Lemma foo a b : a + b = 0.
Proof.
ssrpattern (op _ _ _ _).
gives
1 subgoal
a, b : nat
______________________________________(1/1)
let selected := op nat Add_nat a b in selected = 0
and the ltac API very minimal (see https://github.com/coq/coq/blob/master/test-suite/ssr/pattern.v ). Warning: ssrmatching and polymorphic universe are not exactly working well together (yet).
Here is some lore about abstraction and modularity mechanisms in Coq and Lean which I think may be relevant for setting conventions for stdlib2:
example of where module functors are not good for defining the algebraic hierarchy: the final theorem of a development quantifies over
n
and talks about the ring of integers modn
, instantiating a library of lemmas about arbitrary rings with that n. If that library is implemented as a module functor, the top-level theorem of the development would also need to be a module functor. Then every other development would need to be defined using functors when calling that theorem with arguments that in turn depend on universally quantified variables. I hear people find this very inconvenient, and there is also the current limitation that a module functor cannot be instantiated by an Ltac script.https://github.com/leanprover/lean/wiki/Refactoring-structures highlights downsides of "bundled" and "unbundled" patters of using typeclasses as modules:
https://github.com/mit-plv/fiat-crypto/issues/233 and the RecordImport feature request https://github.com/coq/coq/issues/7808 are my half-baked attempt of working around this dilemma... For an example of emulating this using current Coq features, see https://github.com/mit-plv/bedrock2/pull/14 (later discussion on that issue comes back to other modularity mechanisms which may be also relevant).

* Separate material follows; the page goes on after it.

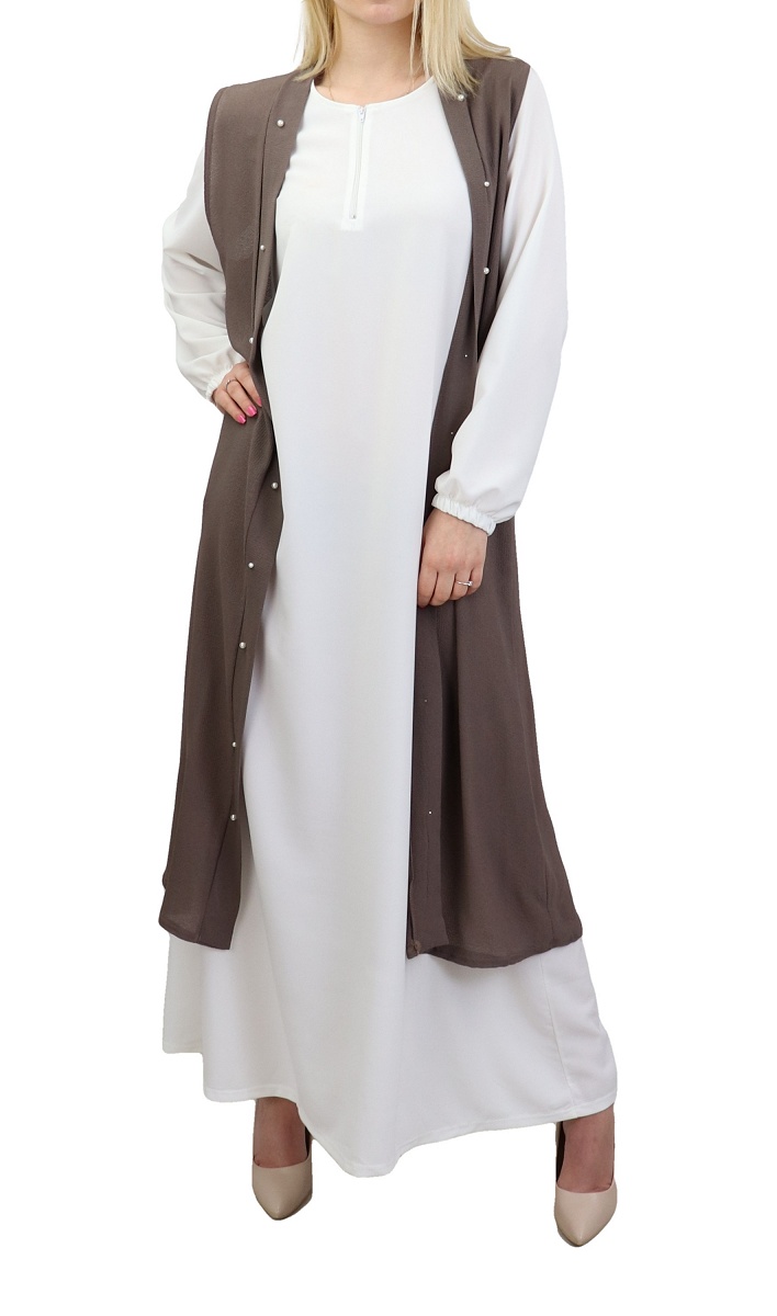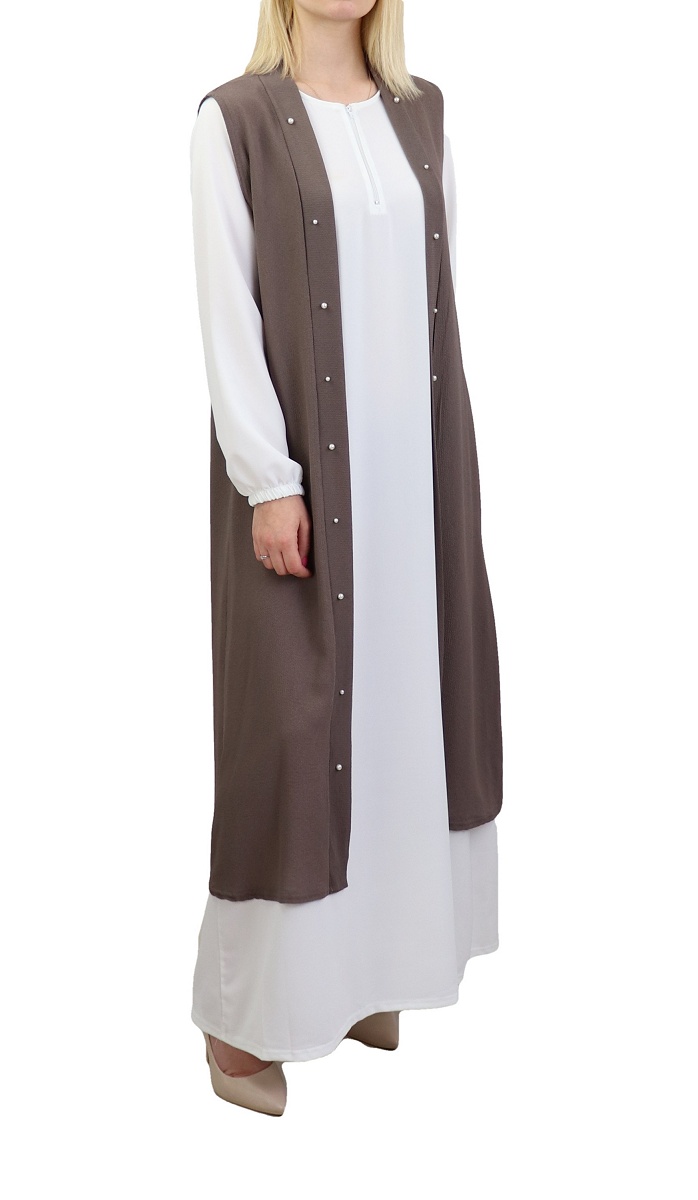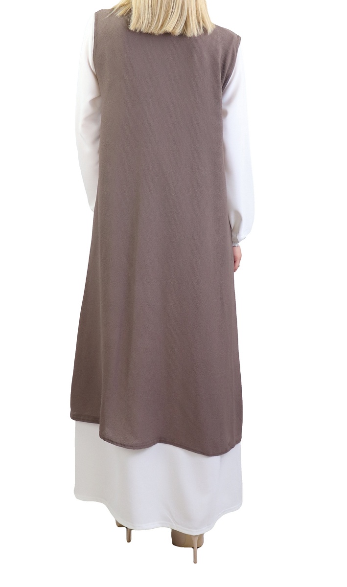 Gilet long, sans manche, décoration perlée, tissu fluide, effet crêpe.

Note that the question of modularity interacts with what kind of unification is expected of tactics. For example, if it is expected that code will contain both
@ring_add Zring
andZ.add
, we will likely want tactics to treat them interchangably, and for performance reasons this will likely need to use some restricted form of unification ("alias unification" using Tarjan's algorithm).